Transition state modelling of the aldol reaction of Z enol borinates with chiral α-methyl aldehydes (see Schemes 4 and 6) suggests that three transition structures ( F, AF, R) play a dominant role in controlling π-facial selectivity. The “Felkin” structure ( F) is characterized by Me-CH---C(O)-C* and CH---C(O)-C*-Me dihedral angles of about −60°/−65° and +100°. The “Roush” structure ( R) has values of −60°/−65° and ±175°/180°, while the “Anti-Felkin” one ( AF) has values of +60°/+65° and about +50°. Our analysis suggests that nonbonded interactions play the most important role in determining aldehyde diastereofacial selectivity in the reactions with Z enolates, and that stereoelectronic effects are possibly overriden by steric effects.
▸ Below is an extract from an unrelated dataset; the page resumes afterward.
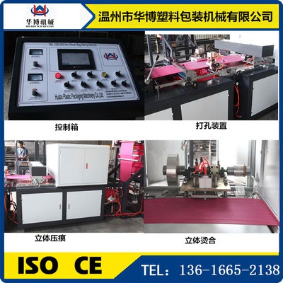 2.工序流程:卷筒料---對(duì)折---穿繩---熱合---對(duì)折---燙把---定位---打孔---立體---熱合---切斷---收集成品---無紡布立體燙把一體制袋機(jī)

Reactions with aldehydes bearing relatively small and “flat” substituents (Ph-, H 2CCH-, Me 2CCH-) are 3,4-syn selective (“Felkin” selective) while reactions with aldehydes bearing bulkier groups (various alkyls) are 3,4-anti selective (“Anti-Felkin” selective) (see Tables 1 and 2). This result is essentially due to destabilization of both ( F) and ( R) structures. In particular, in order to relieve strain-energy structure ( F) opens the CH---C(O)-C*-Me dihedral angle from +60° to ca. +100°. In this way the bulky substituents (alkyls) are pushed towards the aldehyde hydrogen. In the ( AF) structure the CH---C(O)-C*-Me dihedral angle is around +50° and the [aldehyde hydrogen - alkyl] interaction disappears. Enolate aggregation and chelation effects in the case of lithium enolates can possibly explain discrepancies observed between lithium and boron enolates and between the experimental ratios and the force field-predicted ratios.